I have a program which performs some operations on a lot of files (> 10 000). It spawns N worker threads and each thread mmaps some file, does some work and munmaps it.
The problem I am facing right now is that whenever I use just 1 process with N worker threads, it has worse performance than spawning 2 processes each with N/2 worker threads. I can see this in iotop
because 1 process+N threads uses only around 75% of the disk bandwidth whereas 2 processes+N/2 threads use full bandwidth.
Some notes:
- This happens only if I use mmap()/munmap(). I have tried to replace it with fopen()/fread() and it worked just fine. But since the mmap()/munmap() comes with 3rd party library, I would like to use it in its original form.

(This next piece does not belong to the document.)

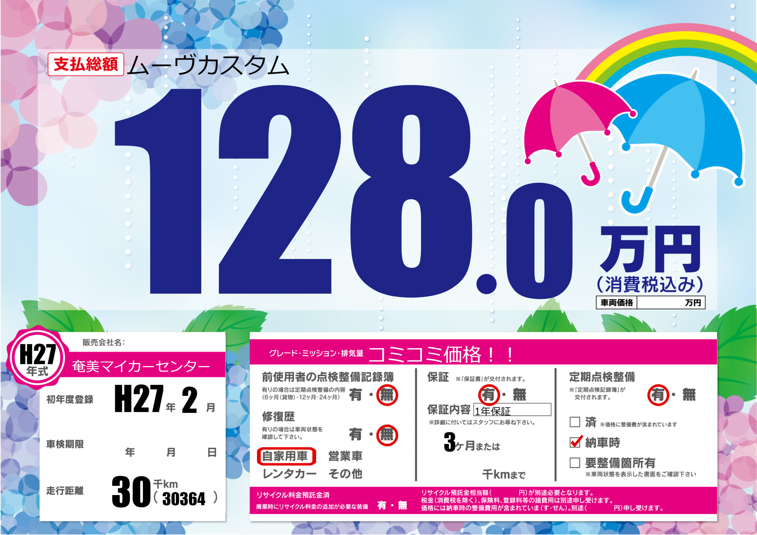 | 走行キロ | 3万km | 初年度登録 | H27年2月 |

- madvise() is called with
MADV_SEQUENTIAL
but it doesn’t seem to change anything (or it just slows it down) if I remove it or change the advise argument. - Thread affinity doesn’t seem to matter. I have tried to limit each thread to specific core. I have also tried to limit threads to core pairs (Hyper Threading). No results so far.
- Load reported by
htop
seems to be the same even in both cases.
So my questions are:
- Is there anything about mmap() I am not aware of when used in multithreaded environment?
- If so, why do 2 processes have better performance?
EDIT:
- As pointed out in the comments, it is running on server with 2xCPU. I should probably try to set thread affinities such that it is always running on the same CPU but I think I already tried that and it didn’t work.
- Here is a piece of code with which I can reproduce the same issue as with my production software.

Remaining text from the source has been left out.